Please retype the listing below word for word and exclude its images.

══ Data ══

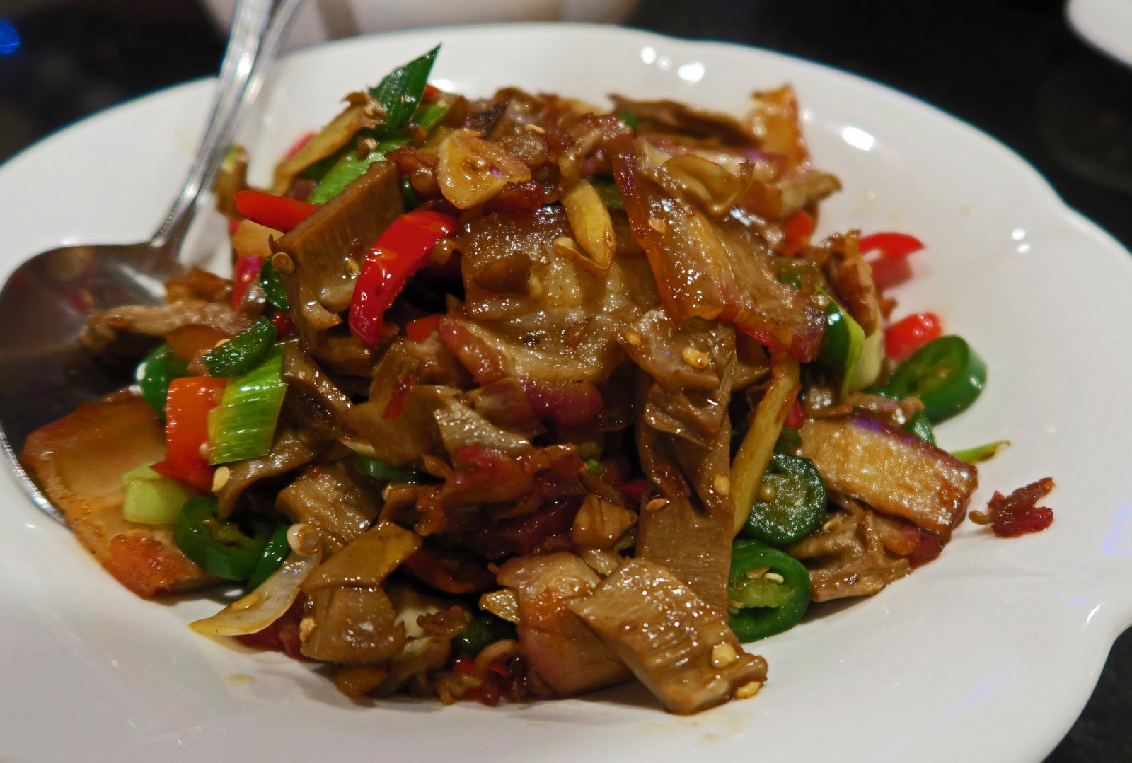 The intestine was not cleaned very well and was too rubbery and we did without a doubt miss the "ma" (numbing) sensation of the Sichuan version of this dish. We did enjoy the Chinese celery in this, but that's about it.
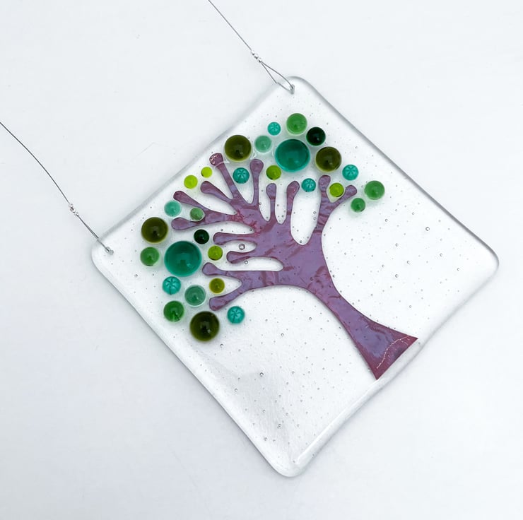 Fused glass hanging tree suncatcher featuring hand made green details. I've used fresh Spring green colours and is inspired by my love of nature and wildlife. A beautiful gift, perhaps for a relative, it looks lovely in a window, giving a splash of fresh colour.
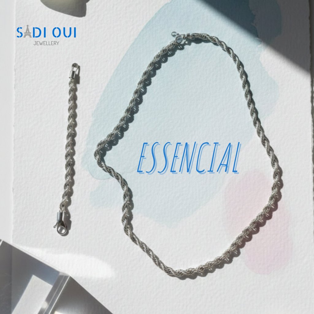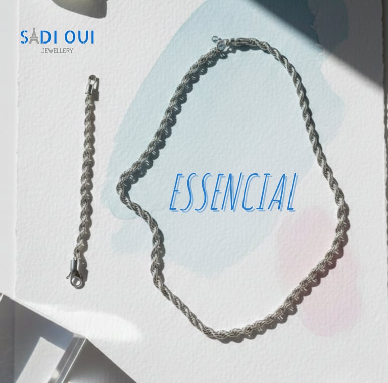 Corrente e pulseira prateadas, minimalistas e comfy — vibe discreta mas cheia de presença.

═══

- Solution for this exercise -
 The intestine was not cleaned very well and was too rubbery and we did without a doubt miss the "ma" (numbing) sensation of the Sichuan version of this dish. We did enjoy the Chinese celery in this, but that's about it.
 Fused glass hanging tree suncatcher featuring hand made green details. I've used fresh Spring green colours and is inspired by my love of nature and wildlife. A beautiful gift, perhaps for a relative, it looks lovely in a window, giving a splash of fresh colour.
 Corrente e pulseira prateadas, minimalistas e comfy — vibe discreta mas cheia de presença.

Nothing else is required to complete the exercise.